◆ **Entries taken from a collection**:
_ _ _ _

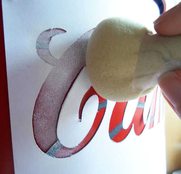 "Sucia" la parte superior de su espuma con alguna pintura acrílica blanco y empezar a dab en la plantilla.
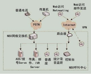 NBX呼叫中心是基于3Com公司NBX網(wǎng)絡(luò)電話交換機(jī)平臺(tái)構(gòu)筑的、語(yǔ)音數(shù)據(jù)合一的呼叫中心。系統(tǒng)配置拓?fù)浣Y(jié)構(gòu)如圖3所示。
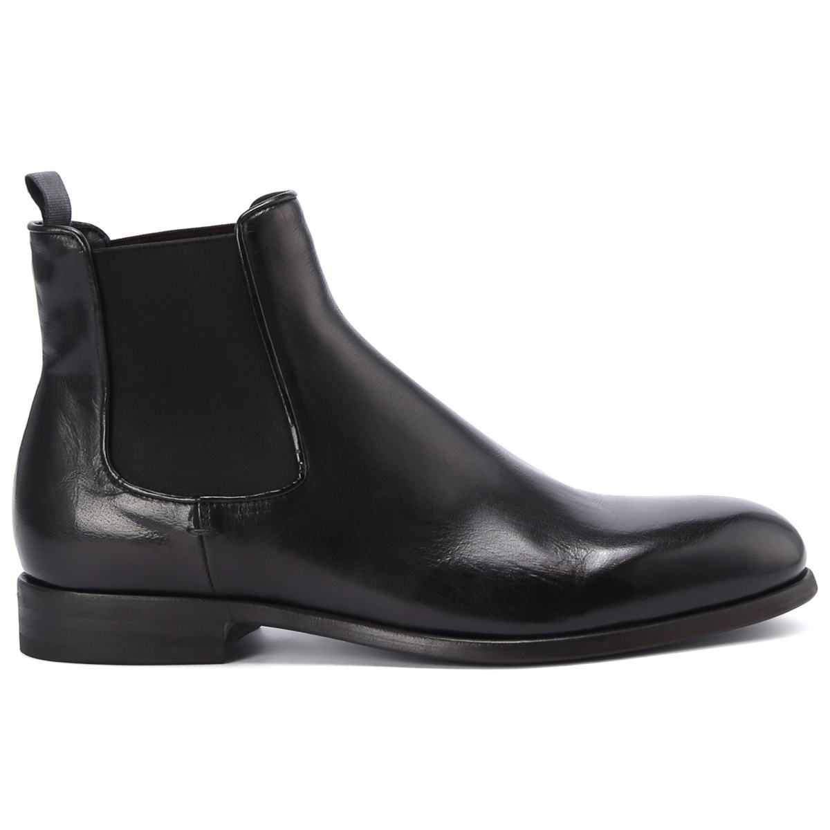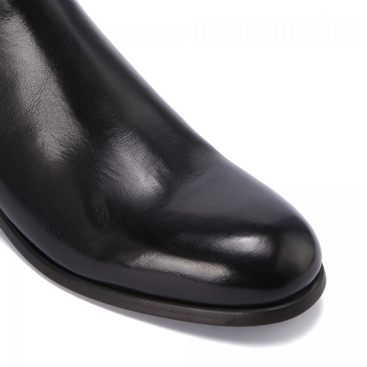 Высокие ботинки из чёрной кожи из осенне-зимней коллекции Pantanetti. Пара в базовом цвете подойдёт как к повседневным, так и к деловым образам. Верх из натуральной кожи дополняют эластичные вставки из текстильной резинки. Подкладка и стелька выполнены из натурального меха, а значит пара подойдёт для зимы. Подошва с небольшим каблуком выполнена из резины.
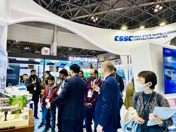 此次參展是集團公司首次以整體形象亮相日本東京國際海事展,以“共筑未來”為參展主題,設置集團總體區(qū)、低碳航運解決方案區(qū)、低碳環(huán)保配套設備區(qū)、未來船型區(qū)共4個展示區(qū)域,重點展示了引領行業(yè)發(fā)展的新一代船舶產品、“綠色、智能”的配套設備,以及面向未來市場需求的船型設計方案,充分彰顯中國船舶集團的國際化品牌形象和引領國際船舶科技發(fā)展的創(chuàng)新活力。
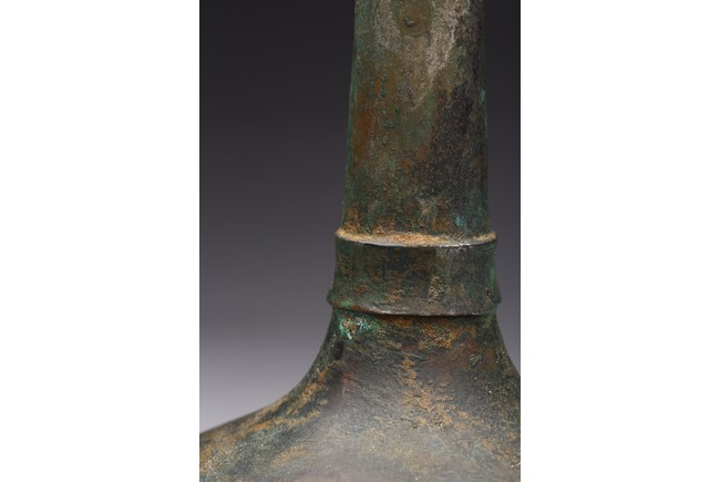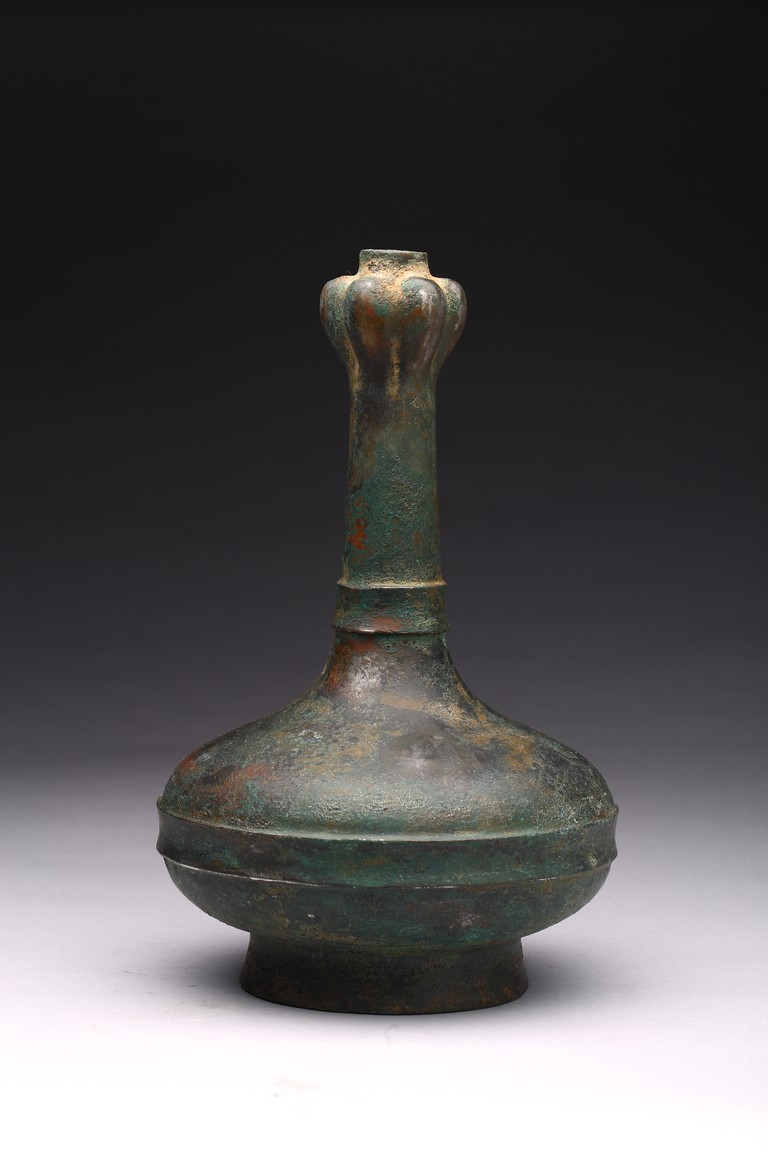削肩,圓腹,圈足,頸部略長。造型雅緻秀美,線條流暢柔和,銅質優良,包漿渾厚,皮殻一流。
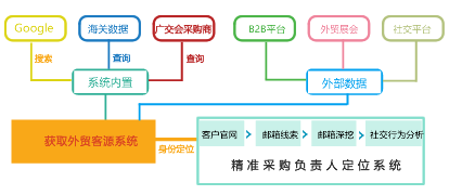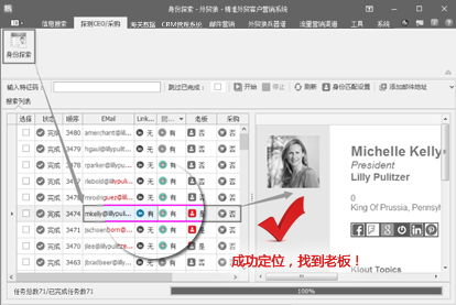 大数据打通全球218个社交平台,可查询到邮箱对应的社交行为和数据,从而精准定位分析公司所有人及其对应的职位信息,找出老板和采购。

_ _ _ _

◆ **TRY IT**: Would you write out each entry word for word and omit the images?

◆ **RESPONSE TO THE TASK**:
 "Sucia" la parte superior de su espuma con alguna pintura acrílica blanco y empezar a dab en la plantilla.
 NBX呼叫中心是基于3Com公司NBX網(wǎng)絡(luò)電話交換機(jī)平臺(tái)構(gòu)筑的、語(yǔ)音數(shù)據(jù)合一的呼叫中心。系統(tǒng)配置拓?fù)浣Y(jié)構(gòu)如圖3所示。
 Высокие ботинки из чёрной кожи из осенне-зимней коллекции Pantanetti. Пара в базовом цвете подойдёт как к повседневным, так и к деловым образам. Верх из натуральной кожи дополняют эластичные вставки из текстильной резинки. Подкладка и стелька выполнены из натурального меха, а значит пара подойдёт для зимы. Подошва с небольшим каблуком выполнена из резины.
 此次參展是集團公司首次以整體形象亮相日本東京國際海事展,以“共筑未來”為參展主題,設置集團總體區(qū)、低碳航運解決方案區(qū)、低碳環(huán)保配套設備區(qū)、未來船型區(qū)共4個展示區(qū)域,重點展示了引領行業(yè)發(fā)展的新一代船舶產品、“綠色、智能”的配套設備,以及面向未來市場需求的船型設計方案,充分彰顯中國船舶集團的國際化品牌形象和引領國際船舶科技發(fā)展的創(chuàng)新活力。
削肩,圓腹,圈足,頸部略長。造型雅緻秀美,線條流暢柔和,銅質優良,包漿渾厚,皮殻一流。
 大数据打通全球218个社交平台,可查询到邮箱对应的社交行为和数据,从而精准定位分析公司所有人及其对应的职位信息,找出老板和采购。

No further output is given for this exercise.